Why This Recession Seems Worse Than '70s and '80s - ALee
http://finance.yahoo.com/news/Why-This-Recession-Seems-cnbc-14354968.html

======
mattobrien
This is wrong. This current recession is the worst economic crisis since the
Great Depression. Unlike 1973-75 and 1981-82, we now have a recession in the
real economy and a banking crisis. This is a disastrous combination. The last
time we had such a confluence was, in fact, during the Great Depression.

Taken individually, a recession or a financial/market panic can be quite
painful, but rather easy to remedy. The 1981-82 recession, for instance, was
brought on by the Fed raising interest rates to draconian levels to rid the
economy of inflationary expectations. This produced a sharp downturn. But the
Fed was able to engineer a rather quick turnaround by simply lowering rates.
Likewise, a financial crisis can be quickly contained with little spillover
into the real economy. LTCM in 1998 is a prime example: LTCM's failure
produced a mini-crisis in the credit markets, but a bailout by Wall St firms
contained the crisis before it could have many negative effects on the real
economy.

But a recession in conjunction with a banking crisis creates a self-
perpetuating downward spiral. As banks face losses on their balance sheets,
they hold back credit, and hoard cash.
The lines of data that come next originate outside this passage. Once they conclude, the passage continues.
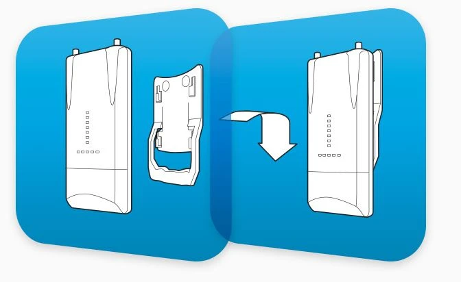 Antena AM-2G16-90 posiada dedykowany uchwyt dla urządzeń RocketM oraz wodoszczelny kabel koncentryczny. Montaż z urządzeniami RocketM jest bardzo prosty i nie wymaga dodatkowych elementów ani narzędzi.
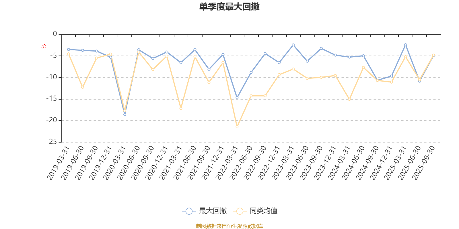 截至10月27日,基金近三年最大回撤为14.73%,同类可比基金排名2/56。单季度最大回撤出现在2020年一季度,为18.59%。
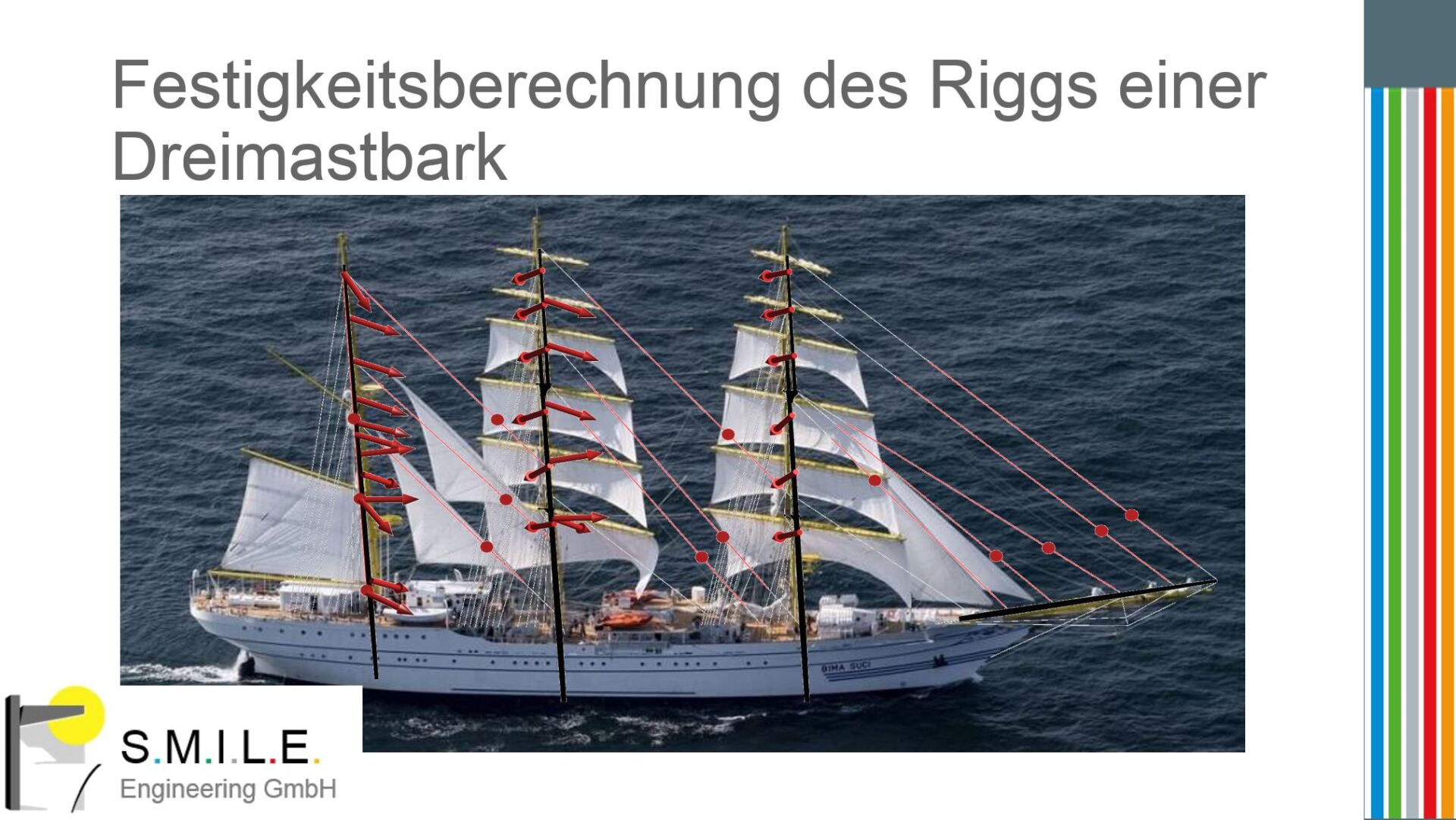Die Durchführung von Festigkeitsberechnungen an einem Rigg für einen Traditionssegler.

When interest rates reach the zero
bound this problem becomes more acute, because the potential gain from lending
to people in a bad economy does not outweigh simply holding cash. This is a
liquidity trap. Additionally, consumers not only lower spending because of
less access to credit, but also because they're scared, so they save more. But
because banks are hoarding cash, rather than savings being reintroduced to the
economy through bank loans, this money is kept within the banks. The money
supply shrinks and deflation makes debt burdens larger in real terms. And the
cycle of forced selling and lower values feeds on itself.
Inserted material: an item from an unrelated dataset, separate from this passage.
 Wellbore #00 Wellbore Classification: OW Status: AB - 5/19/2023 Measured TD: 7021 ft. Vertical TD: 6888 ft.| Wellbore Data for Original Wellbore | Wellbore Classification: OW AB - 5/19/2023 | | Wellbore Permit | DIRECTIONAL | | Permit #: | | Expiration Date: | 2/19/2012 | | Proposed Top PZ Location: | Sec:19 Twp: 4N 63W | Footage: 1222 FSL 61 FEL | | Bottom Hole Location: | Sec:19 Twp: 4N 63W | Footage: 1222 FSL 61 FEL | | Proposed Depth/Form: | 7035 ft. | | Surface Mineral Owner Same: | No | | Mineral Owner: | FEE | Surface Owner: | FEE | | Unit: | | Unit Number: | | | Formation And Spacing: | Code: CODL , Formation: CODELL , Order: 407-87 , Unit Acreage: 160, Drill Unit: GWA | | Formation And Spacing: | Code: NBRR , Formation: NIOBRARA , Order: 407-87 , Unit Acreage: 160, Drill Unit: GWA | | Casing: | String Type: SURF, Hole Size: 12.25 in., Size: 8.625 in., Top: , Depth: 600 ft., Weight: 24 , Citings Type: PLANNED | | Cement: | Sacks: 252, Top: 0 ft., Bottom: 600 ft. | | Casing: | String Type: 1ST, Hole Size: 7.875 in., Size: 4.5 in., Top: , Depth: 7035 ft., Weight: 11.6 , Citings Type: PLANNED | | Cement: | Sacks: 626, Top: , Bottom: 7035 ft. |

The experience of the Great Depression was that there seem to be multiple
equilibrium points within an economy. Economies can contract much more than
classical economics tells us they "should", as the cycle of debt-deflation
pushes the economy downwards. This is true of the money supply as well.
Creating inflation seems rather straightforward: have the Fed print money.
Indeed, as the Fed has injected unprecedented amounts of liquidity into the
system the last few months, many commentators have begun to worry about
inflation in the midst of near deflation. But we don't understand money
creation as well as we think we do. We have more of a credit system, and less
of a fiat one, than we acknowledge. So with a liquidity trap, creating
inflation can in fact be a challenge - hence Bernanke's idea of dropping money
from helicopters. So what makes this crisis scarier than past nasty recessions
is that conventional policy is out the door. We're trying to fix a system we
really don't quite as much about as we thought we did.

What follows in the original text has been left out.